Ouch…2000 million rows scanned in the index.  Since we provided both bind variables, the obvious access path should have been a simple primary key lookup.  But the path derived from our first execution (with :B1 being null) has left behind a “nasty legacy”.

The troubling thing about this (in terms of application stability) is that the order in which we run queries now impacts the performance of how they run.  Lets clear out the cursor by recalculating stats and then reverse the order of execution.

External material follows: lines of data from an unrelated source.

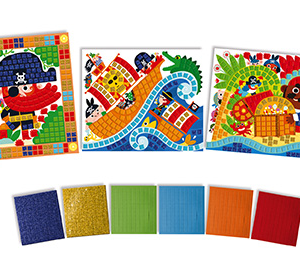 A Janod Atelier készlet gyermekek készségeinek és képzeletének fejlesztésére és előmozdítására. A különféle technikák révén történő alkotás elősegíti a koncentrációt és a koncentrációt, a természetes felfedezéseket és a művészi képességeket. Kreatív alkotókészlet, ebben a kreatív játékban a gyermekek finom motoros képességeit, türelmét és a részletek iránti figyelmet fejlesztik.Kreatív kalóz mozaik kreatív készlet A Janod Atelier Mini 3 kártyát tartalmaz gyönyörű kalóz témákkal és 6 lap színes mozaikpapírt.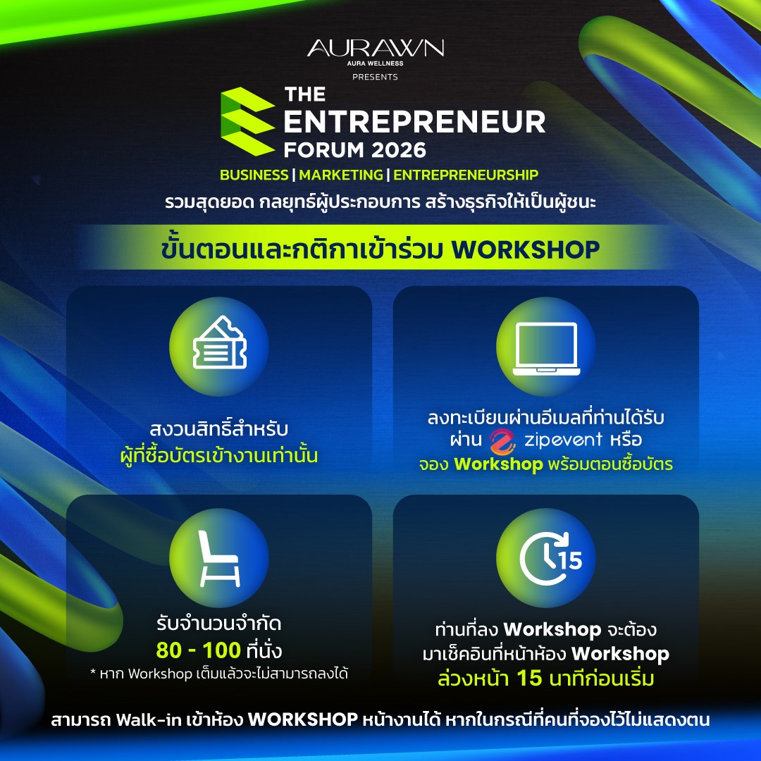 | 10.00 - 11.00 | One Person Business Solopreneur กลยุทธ์ธุรกิจ 1 คนที่ทำกำไรได้ไม่จำกัด | AVAILABLE |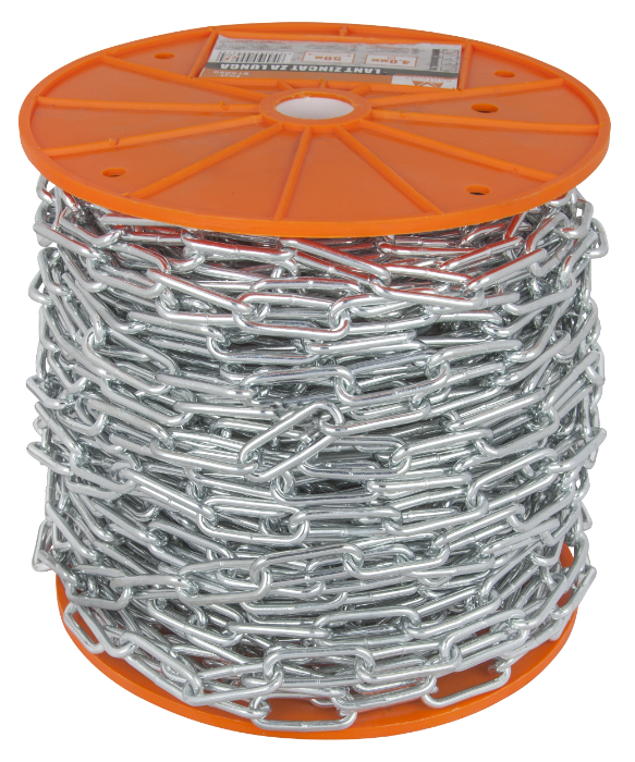 Die verzinkte Handelskette mit kurzem Glied unterliegt keinen Festigkeitsprüfungen und darf nicht als Lastaufnahmekette verwendet werden (Heben, Ziehen ή dauerhafte Lasten).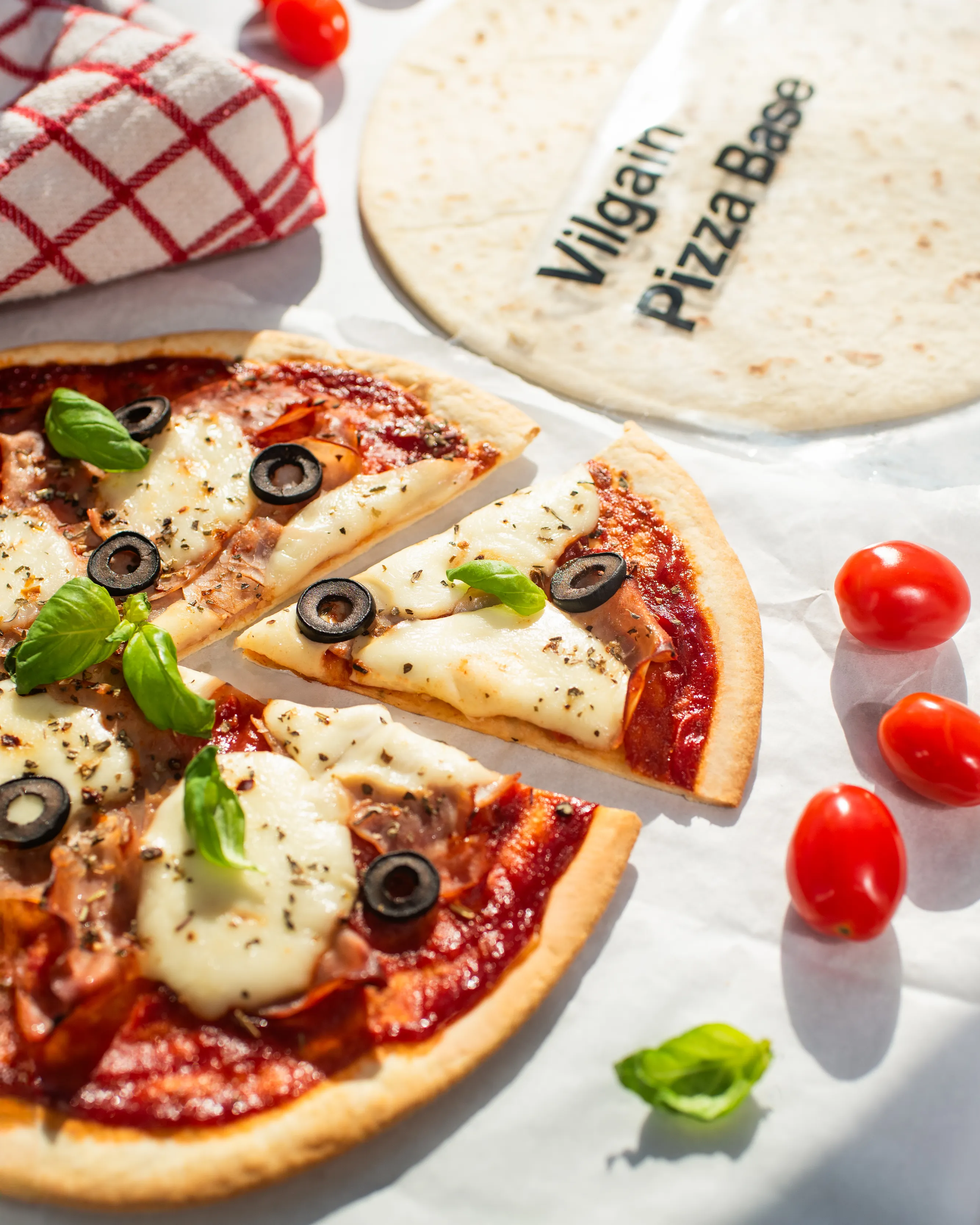 Den Backofen auf 220 °C vorheizen. Den Teig belegen und auf Backpapier für 7–8 Minuten backen (die Zeit kann je nach Ofen und Belag variieren). Alternativ kannst du die Pizza abgedeckt in einer Bratpfanne zubereiten oder den Teig direkt roh als Beilage zu Suppen oder Dips genießen.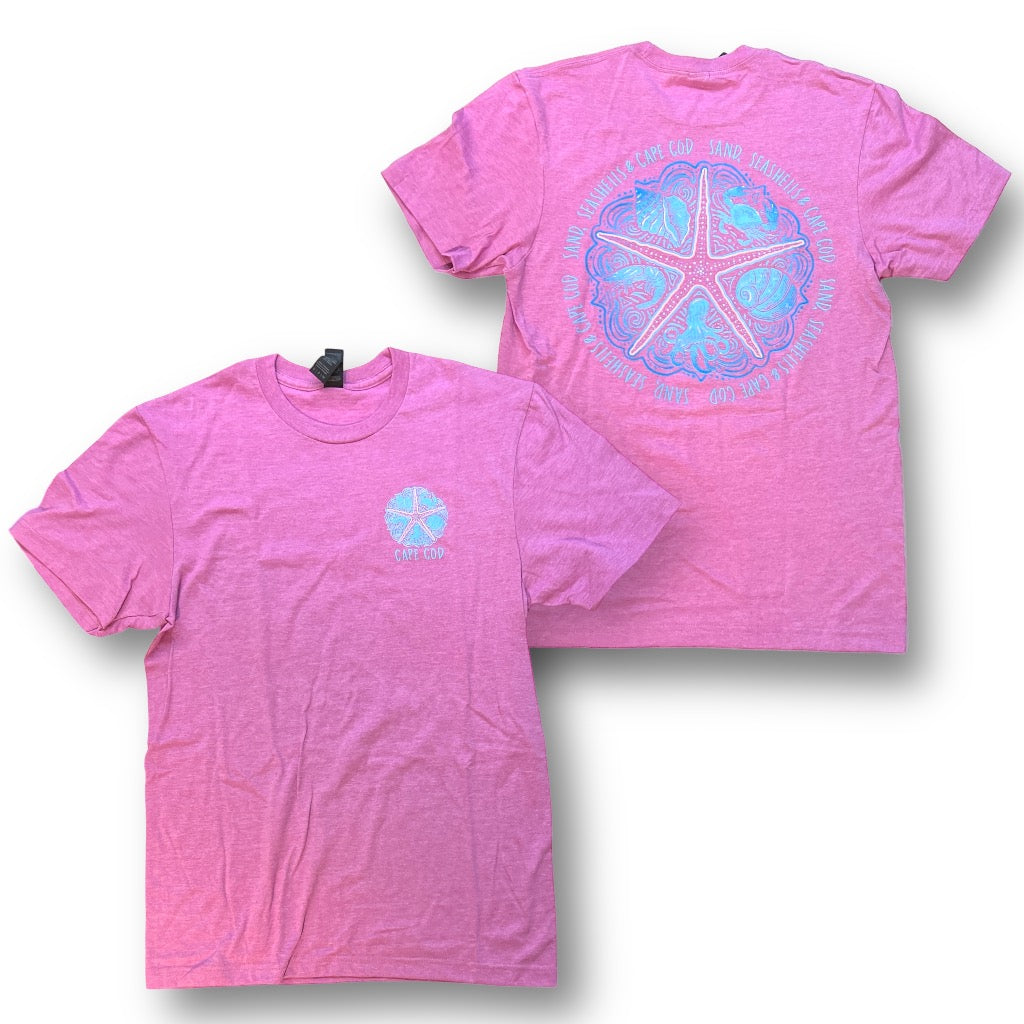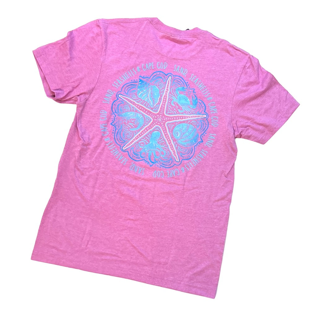 Introducing our Cape Cod Seashells T-Shirt, perfect for any beach lover! The vibrant aqua blue ombré screen-printed design features a large starfish surrounded by seashells, crustaceans, and even an octopus on a heathered radiant orchid colored tee. Made with a blend of 35% cotton and 65% polyester, this gorgeous Cape Cod T-shirt is comfortable and stylish in women's sizes small to XXL. Get ready to show off your love for the Cape in our raspberry-colored "sand, seashells, and Cape Cod" design!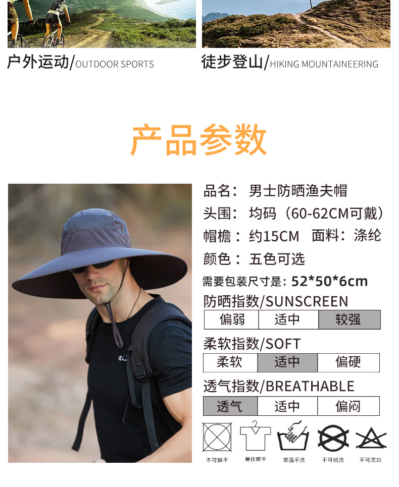 9020 유럽과 미국의 대형 남성 어부 모자 국경 방수 야외 태양 모자 태양 보호 등산 모자 등산 모자

SQL> exec dbms_stats.gather_table_stats('','T',no_invalidate=>false);
 
PL/SQL procedure successfully completed.
 
SQL> exec :b1 := 1;
SQL> exec :b2 := 1706496;
 
PL/SQL procedure successfully completed.
 
SQL> select /*+ gather_plan_statistics */ *
  2  from T
  3  WHERE seq = :B2
  4  AND pseq = NVL(:B1 ,pseq)
  5  /
 
       SEQ       PSEQ BLAH
---------- ---------- ------------------------------
   1706496          1 x
 
SQL>
SQL> select * from table(dbms_xplan.display_cursor(null,null,'ALLSTATS LAST'));
 
PLAN_TABLE_OUTPUT
----------------------------------------------------------------------------------------------------------------------------------
SQL_ID  0caq50rvfkub5, child number 1
-------------------------------------
select /*+ gather_plan_statistics */ * from T WHERE seq = :B2 AND pseq
= NVL(:B1 ,pseq)
 
Plan hash value: 933468988
 
--------------------------------------------------------------------------------------------------------
| Id  | Operation                             | Name | Starts | E-Rows | A-Rows |   A-Time   | Buffers |
--------------------------------------------------------------------------------------------------------
|   0 | SELECT STATEMENT                      |      |      1 |        |      1 |00:00:00.01 |       4 |
|   1 |  CONCATENATION                        |      |      1 |        |      1 |00:00:00.01 |       4 |
|*  2 |   FILTER                              |      |      1 |        |      0 |00:00:00.01 |       0 |
|   3 |    TABLE ACCESS BY INDEX ROWID BATCHED| T    |      0 |      2 |      0 |00:00:00.01 |       0 |
|*  4 |     INDEX RANGE SCAN                  | T_PK |      0 |      2 |      0 |00:00:00.01 |       0 |
|*  5 |   FILTER                              |      |      1 |        |      1 |00:00:00.01 |       4 |
|   6 |    TABLE ACCESS BY INDEX ROWID        | T    |      1 |      1 |      1 |00:00:00.01 |       4 |
|*  7 |     INDEX UNIQUE SCAN                 | T_PK |      1 |      1 |      1 |00:00:00.01 |       3 |
--------------------------------------------------------------------------------------------------------
 
Predicate Information (identified by operation id):
---------------------------------------------------
 
   2 - filter(:B1 IS NULL)
   4 - access("SEQ"=:B2)
       filter("PSEQ" IS NOT NULL)
   5 - filter(:B1 IS NOT NULL)
   7 - access("SEQ"=:B2 AND "PSEQ"=:B1)

When we optimize the query for the initial case of both bind variables provided, you can see that both sides of the CONCATENATION have yielded a sensible path.